Someone wanna help me with geometry haha?

Answer 1

HMMMMMMMMMMMMMMMMMMMMMMMMMMMMMM

Answer 2

HmhHMmhMHmhMHMMMMMMMMMM

Answer 3

What grade?

Answer 4

10

Answer 5

UHHHH, i can't then

Answer 6

kk

Answer 7

I mean what exactly do you need help with bc there are certain parts that I cant help in.

Answer 8

Just send the question or ss

Answer 9

how do i find density based on radius and length?

Answer 10

Oh yeah, I'm sorry, I can't help with that maybe someone else can, I hope you find what ur looking for tho.

Answer 11

thanks

Answer 12

what you got?

Answer 13

how do i find density based on radius and length?

Answer 14

so just you need to know the formula what you need using to calcule this density in function about what material you talk

Answer 15

send me a pic of it so i can read it pls

Answer 16

im trying i promise

Answer 17

kk thanks

Answer 18

Part B:

assuming the log has a perfect cylindrical shape, we can find its volume using \( V_{Log}=\pi r^2\times h \) where \( r=5in \) and \( h=30in \)

therefore:

\( V_{Log}=\pi 5^2\times 30 \)

\( V_{Log}=25\pi \times 30 \)

\( \boxed{V_{Log}=750\pi} \)

we know that density\( (\rho) = \dfrac{mass(m)}{volumme(v)} \)

But the thing says were given logs weight not it's mass, and to fid the mass we refer to \( weight(f) =mass(m)\times 9.806 m/s^2(g) \ \ \Rightarrow \ \ \boxed{mass(m)= \dfrac{ weight(f)}{9.806 m/s^2(g)} }\)

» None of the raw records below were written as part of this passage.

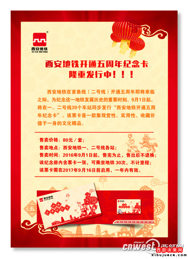 9月1日起,西安地鐵將在一、二號(hào)線39座車站同步發(fā)行“西安地鐵開(kāi)通5周年紀(jì)念卡”,售價(jià)80元。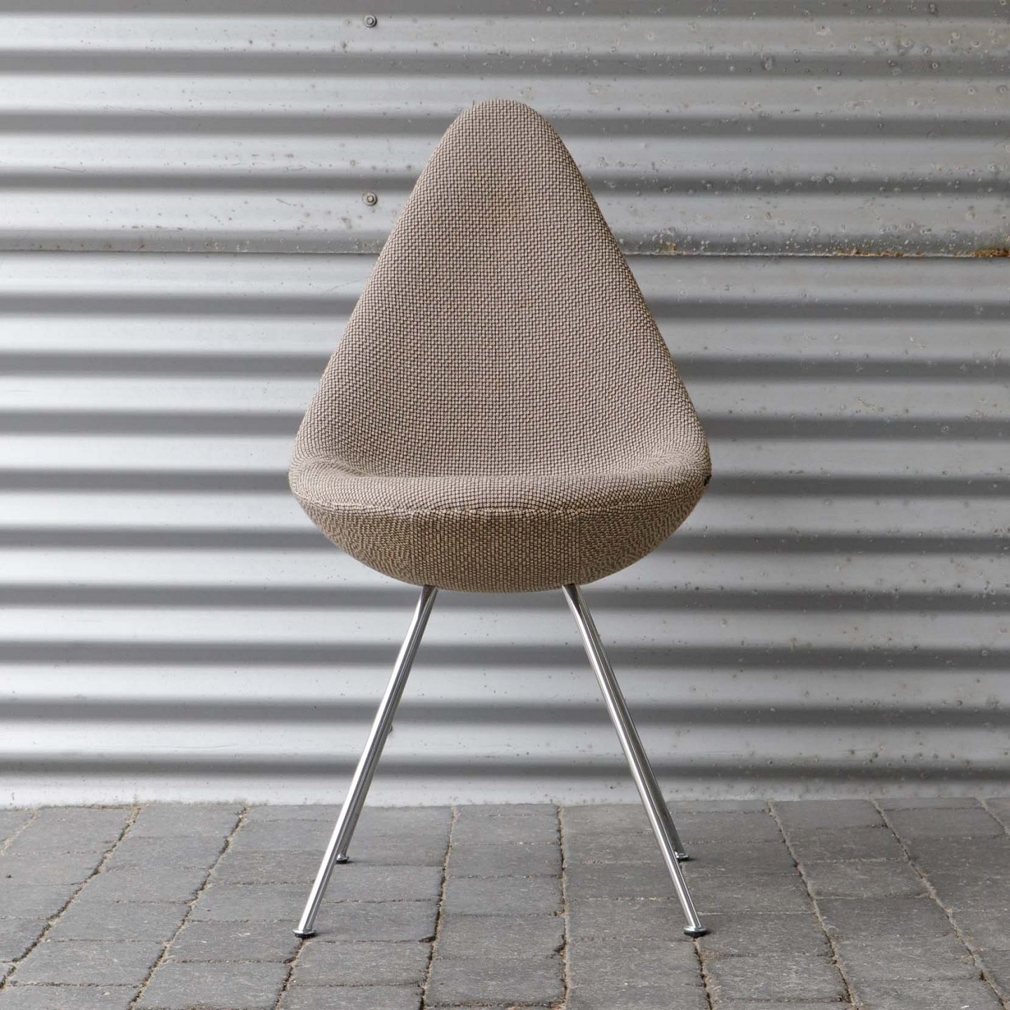 Spisebordsstol med ben i rustfrit stål og polstret sæde betrukket med struktureret stof i beige og sort. Model Dråben nr. 3110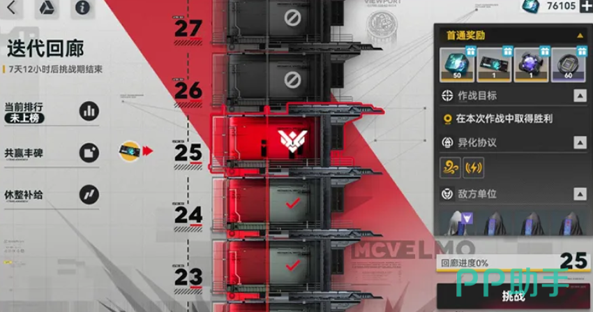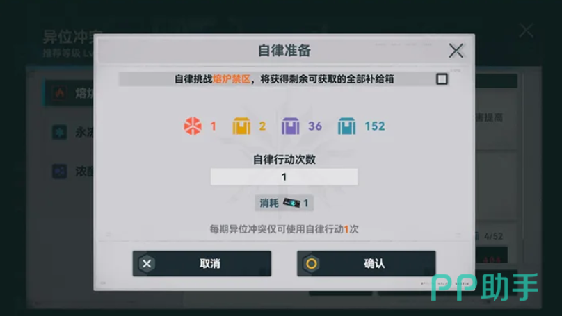 通关任意活动关卡均可获得净化指令、坍塌晶条等关键资源。其中,净化指令可在“异位冲突”中每周激活一次自律行动,自动扫荡指定探测区,一次性领取该区域全部道具奖励。活动全程设有实时排行榜,结算期结束后,系统将依据最终排名发放限定款“挑战者勋章”。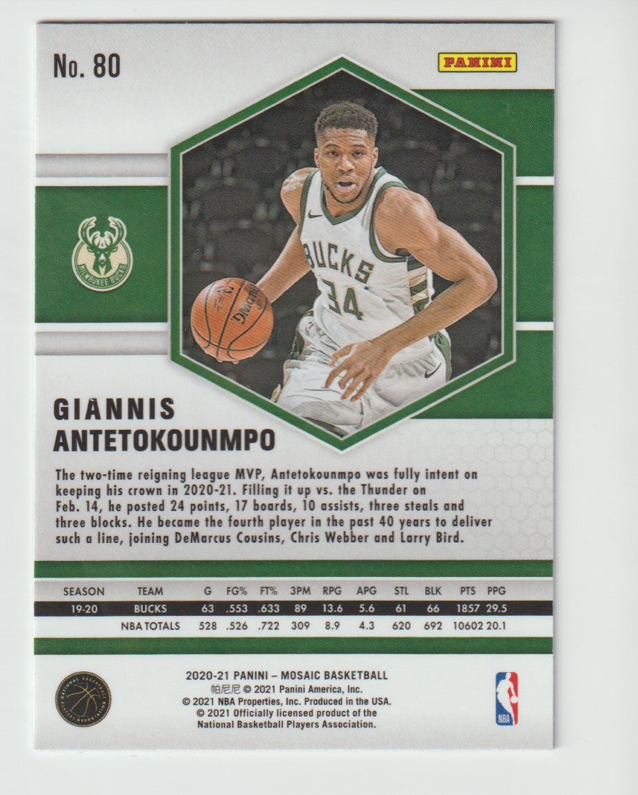 80 Giannis Antetokounmpo - Milwaukee Bucks 2020/21 Mosaic Basketball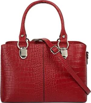 Umhängetasche Echt Leder Damen Made in Italy, Kroko-Optik Handtasche, Damen Schultertasche, elegante Henkeltasche rot 021374

\( mass(m)=\dfrac{42.63\ lbs}{9.806m/s^2} \approx \boxed{4.347} \)

let's plug that back into finding the density:

\( \boxed{\rho= \dfrac{4.347}{750\pi}} \)

and that is our answer I believe.

Answer 19

Thank you so much!!

Answer 20

srry i tried

Answer 21

its all good!

Answer 22

ok